Some years later – to celebrate the anniversary of the formation of the Limavady supporters club (not the opening of the social club) – Manfromdelmonte and I took Johnny over, sadly this time Billy was too unwell to join us.  Again, Johnny proved to be a star turn – on the Saturday afternoon we went up to Londonderry as he had fallen in love with the place.  There had been an Apprentice Boys parade earlier that day and there was a function on in the Memorial Hall.  Johnny was invited to take to the stage; unscripted he held that audience in the palm of his hand, sharing jokes, telling stories and performing a few songs from his childhood in South Africa.

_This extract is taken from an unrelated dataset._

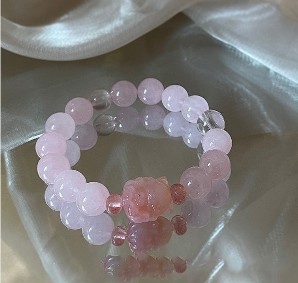 Crystal Oracle Divine Tears Nine-Tailed Fox Madagascar Rose Quartz Bracelet – Original Chinese Feng Shui Natural Agate Love & Wealth Energy Jewelry 10mm
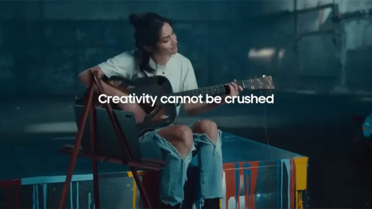 Em resposta ao anúncio da Apple, a Samsung lançou um comercial que celebra a criatividade e mostra o Galaxy Tab S9 Ultra como uma ferramenta que complementa, e não substitui, os instrumentos e ferramentas tradicionais. Num cenário semelhante ao do anúncio da Apple, vemos um músico a tocar uma guitarra parcialmente destruída, enquanto o tablet Samsung exibe notas musicais no ecrã. A mensagem é clara: a criatividade não pode ser esmagada.

He had them rolling in the aisles.



Johnny’s 80th birthday party was to be a hoot.   The only function area we could hire in Ibrox that Saturday was the Davie Cooper Suite, which is fairly small.  Anyway, it sold out quick – so quick we dispensed with a small dance floor in order to get more tables in.

Because the capacity was low we’d told Johnny he had a table for friends and family and could he supply us with a list of names nearer the time for place-cards.  Something was lost in translation – as rather than the ten intended, Johnny gave us a list of 37 people he had invited!  It was going to be a tight squeeze.  His friends, family and those who had helped him with his work in promoting sports in Prestwick (for which he was granted an MBE) had no idea how the staff worked to make the night a success – in the end we were all packed in like sardines at trestle tables drawn up like school dinners!

A highlight of the night was a display organised by the Rangers Supporters Erskine Appeal – a cause dear to Johnny’s heart – of cards and drawings of Johnny sent over from South Africa by the pupils at his old primary school.  Talk to anyone there that evening and I guarantee they will have a smile on their faces: it was a wonderful night.

They say you should never meet your heroes as they’ll disappoint.  Well, they got that one wrong with regards to Johnny Hubbard – funny, polite, helpful, down to earth, and a true gentleman.

I once cheekily asked Johnny what went wrong with the three penalties he missed: quick as a flash he answered – “I didn’t miss any – the keeper saved those!”

Once, long ago, tens of thousands sang his praises and cheered his skill.  Now, alone in the majesty of death, he receives, from friends and old foes alike, that most beautiful of tributes – he was a gentleman.